Published 28 May 2026 in cond-mat.mtrl-sci | (2605.29482v1)

Abstract: Multicomponent transition metal carbides are promising for extreme-environment applications, but identifying compositions that are both synthesizable and hard remains challenging. We fine-tune the MACE machine-learned interatomic potential on approximately 28,000 density functional theory calculations spanning the composition space of groups 4-6 transition metals and carbon to predict the thermodynamic stability and elastic properties of multicomponent carbides. The fine-tuned model achieves formation energy errors of ~ 10 meV/atom for thermodynamically relevant structures with only 20% of the training data. We screen over 1500 equiatomic compositions across rocksalt, hexagonal, and hcp prototypes, combining free energy models with elasticity-based hardness surrogates. Synthesizability predictions at 1500°C agree well with experimental reports for both single-phase and multiphase carbides. The group number of the constituent metals governs both stability and hardness. Free energy contributions from short-range order are small, typically a few meV/atom, indicating that a perfectly disordered solid solution provides a reasonable approximation for high-throughput screening.
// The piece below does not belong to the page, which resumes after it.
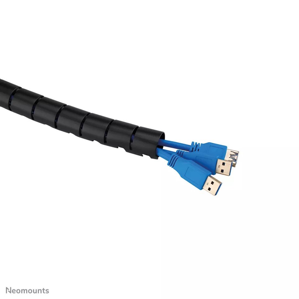 Neomounts ADS06-142BL is a flexible cable organizer that functions as both a cable protector and organizer. It is designed for neat and controlled management of up to five cables.

For compositions mixing group 4/5 and group 6 metals, we identify a new family of stacking-ordered phases with formation energies well below those of disordered rocksalt or hexagonal structures. DFT calculations corroborate these predictions and suggest that stacking-ordered phases should be experimentally accessible in multicomponent carbides. This study provides a framework for screening synthesizable multicomponent materials with target properties, identifies promising carbide compositions across the full nine-component space, and reveals a new class of stacking-ordered carbides accessible only in multicomponent compositions.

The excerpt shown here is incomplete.